Private student loan securitizations issued between 2010 and 2013 contain loans of stronger credit quality and are likely to perform better than 2006 to 2009 securitizations, according to Moody’s Investors Service.
The private student loan default rate index dropped to 3.6% in second-quarter 2013, the first time it has dipped below 4.0% since 2007, says Moody’s Investors Service in its second-quarter performance report on the sector.
Moody’s expects the default rate index of private student loans will continue to fall year over year in 2013 but will remain above pre-recession rates. According to the ratings agency, securitization issued between 2010 and 2013 contain loans of stronger credit quality and are likely to perform better than 2006 to 2009 securitizations.

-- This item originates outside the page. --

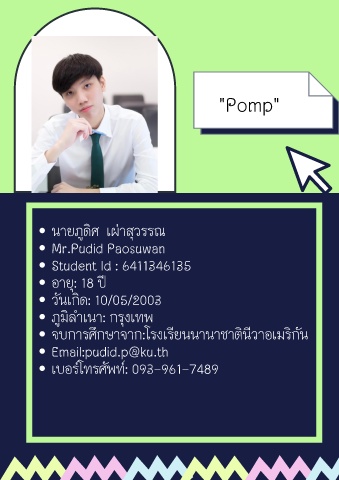 "Pomp" ุ ู ิ นายภดศ เผาสวรรณ Mr.Pudid Paosuwan Student Id : 6411346135 ุ อาย: 18 ป ิ ั วนเกด: 10/05/2003 ุ ิ ภมลําเนา: กรงเทพ ู ี ิ ั ิ ี ึ จบการศกษาจาก:โรงเรยนนานาชาตนวาอเมรกน Email:pudid.p@ku.th เบอรโทรศพท: 093-961-7489 ั
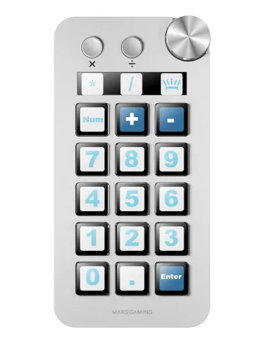 Mars Gaming Control Deck MSD-NEOW. Color de la carcasa: Blanco, Número de botones: 17 botones, Tipo de control: Botones, Giratorio. Voltaje: 5 V, Corriente de operación: 0,3 A. Ancho: 76 mm, Profundidad: 39 mm, Altura: 149 mm

"The default rate index will continue to fall in 2013, but will remain higher than average pre-recession levels of 2.5% because of the continuing high rate of unemployment," said Moody’s analyst Stephanie Fustar, author of the report. "Even though the unemployment rate for young college graduates has improved, higher student loan debt and lower earnings than pre-recession levels will limit borrowers" ability to repay loans."
The default rate index for second quarter 2013 was 3.6%, down from 4.2% in second-quarter 2012. It has fallen to less than half of the 7.9% peak in third-quarter 2009. The 90-plus delinquency rate for second quarter 2013 was 2.1%, down from 2.4% in second-quarter 2012.
Moody’s private student loan indices track more than ten years of credit performance data on 72 private student loan securitizations that Moody's rates, representing approximately $40 billion in outstanding pool balance. Securitization by Sallie Mae, First Marblehead, The Student Loan Corp., Keycorp and Access Group make up 83% of the securitization represented in the Moody’s indices.